Remove NaN from POS description

SIAv2 contains the following throwaway reference implying that a NaN might be acceptable in a POS query parameter:

Valid coordinate values are in [0,360] for longitude and [-90,90] for latitude (or NaN).

@timj pointed this out in the course of implementing an SIAv2 interface associated with the Rubin Observatory "Data Butler".

There is no other reference to NaN in the standard, and it's in conflict with language a few sentences above that suggests the use of infinities as special values (language which has already been suppressed by SIAv2 Erratum 1).

It seems to very likely be an editing oversight, a vestige of the 20150730 PR of SIAv2, in which NaN was used in RANGE where the final standard uses infinities.

Can we a) remove this vestige from DAP and b) issue an erratum on SIAv2?

Question about FORMAT specifier's purpose and usefulness in a DataLink-dominated world

Colloquially, the FORMAT parameter is intended to apply a constraint to the persistence format of the data product associated with a row in a conceptual underlying ObsCore table. (Obviously there doesn't have to be such a table in order to implement SIAv2/DAP, but the standard is written with reference to a table model.)

From a user perspective, this is clearly meant to enable, for instance, limiting a query to data in FITS format. In the DAP era where tabular datasets may be available from a service, a user might say "I'm only interested in Parquet".

The way the standard is written, though, it's clear that FORMAT is meant to be evaluated against the value of access_format in the query response. In many archives (CADC, Rubin, probably at least parts of IRSA in the future) we have adopted the "DataLink model" for providing ObsTAP/SIAv2 dataset access, though, where the actual access_format value is always the DataLink MIME type.

The standard even acknowledges this:

This column describes the format of the response from the access_url (see 3.1.3) so the values could be data file types (e.g. application/fits) or they could be the DataLink MIME type.
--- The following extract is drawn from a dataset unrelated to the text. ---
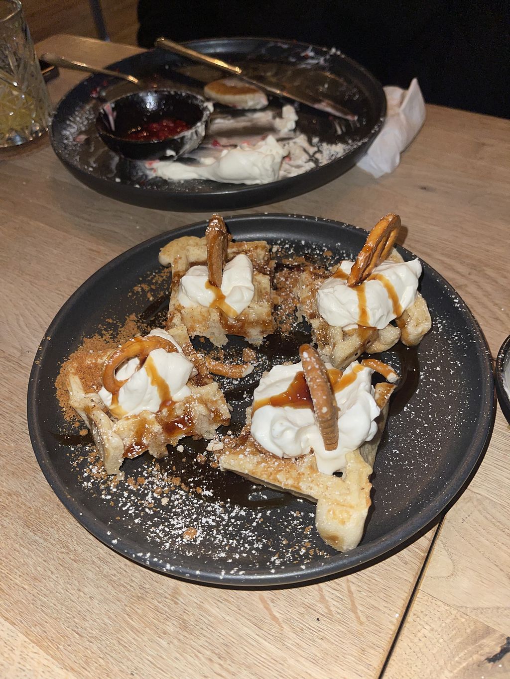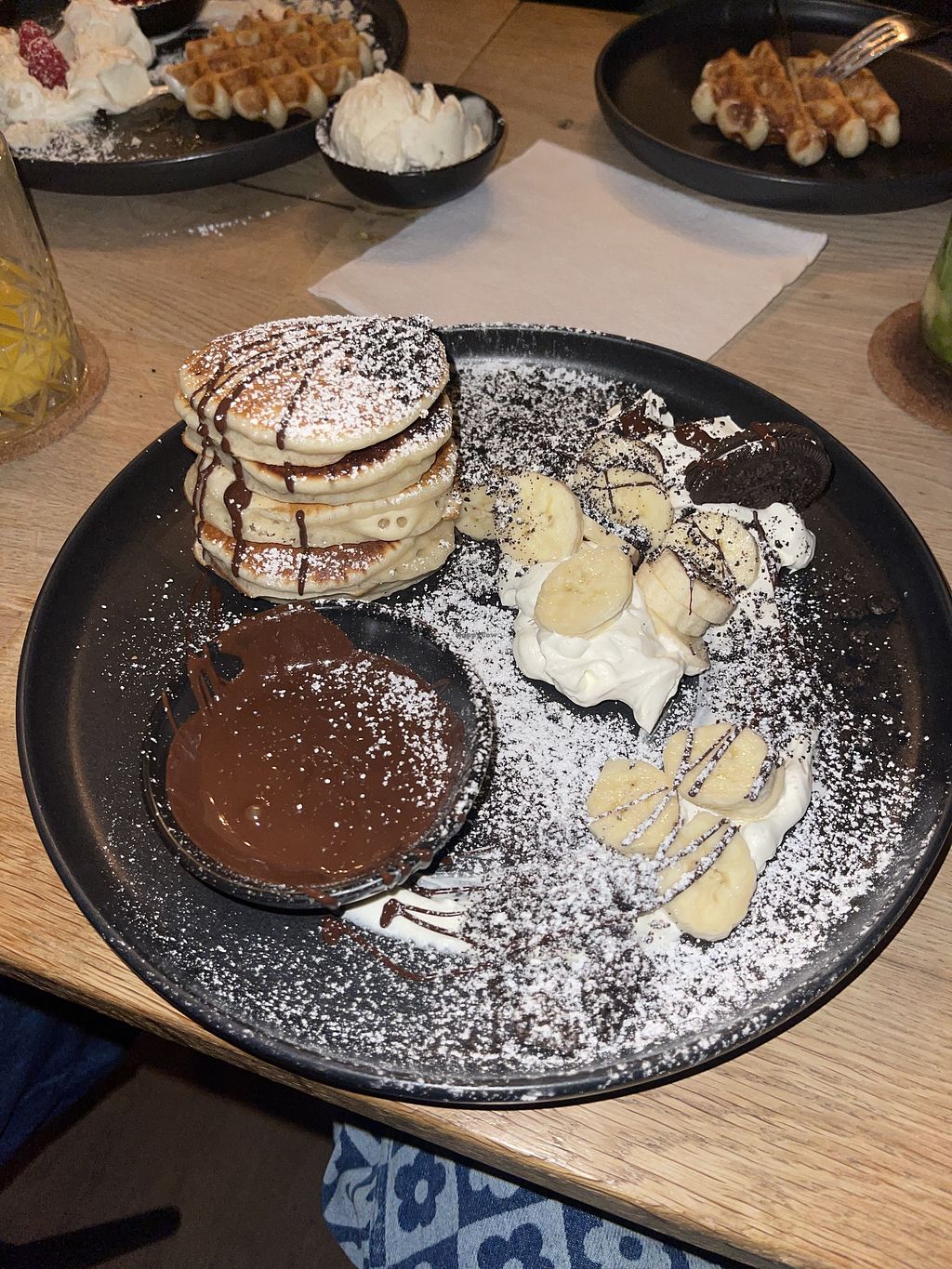 Es war sehr lecker und sehr bedacht. Wir kamen mit 2 Hunden was auch kein Problem war. Die Waffel mit Karamell und die Pancakes mit Bananen waren sehr lecker. Das Detox Wasser kann ich auch empfehlen😄

It seems like we've accidentally shot ourselves in the foot here. No non-IVOA-aware science user would be expected to be know about the "DataLink model" -- they go to Firefly, say, do a query, and, if possible, Firefly will show them the #this target from the DataLink links service, rather than making them navigate the indirection on their own. Unless they deliberately click on the part of the UI that lets them see the links response and any associated additional datasets, they won't be aware of DataLink at all. That's a good thing.

So in this situation if someone does FORMAT=fits they are likely to be very surprised by the results.

I realize the difficulties involved in potentially prying FORMAT off its mandatory link to access_format, but I think it would be worth our having a conversation about whether an interpretation "if access_format is the DataLink MIME type, then evaluate the restriction against the content_type for the #this entry in the resulting links table" would be sustainable, at least as an option.

I recognize that this might require data publishers to add a column to the underlying table to make sure that the "real" data type is efficiently queryable.

FORMAT seems sufficiently useful that it's a shame to, in effect, be forced to lose its usefulness in exchange for all the other big advantages of the "DataLink model". For Rubin (IMO) it's still a worthwhile tradeoff if we can't fix this, but... let's try to think this through and fix it.

My guess is that this must have been discussed before, but I haven't found the trail yet.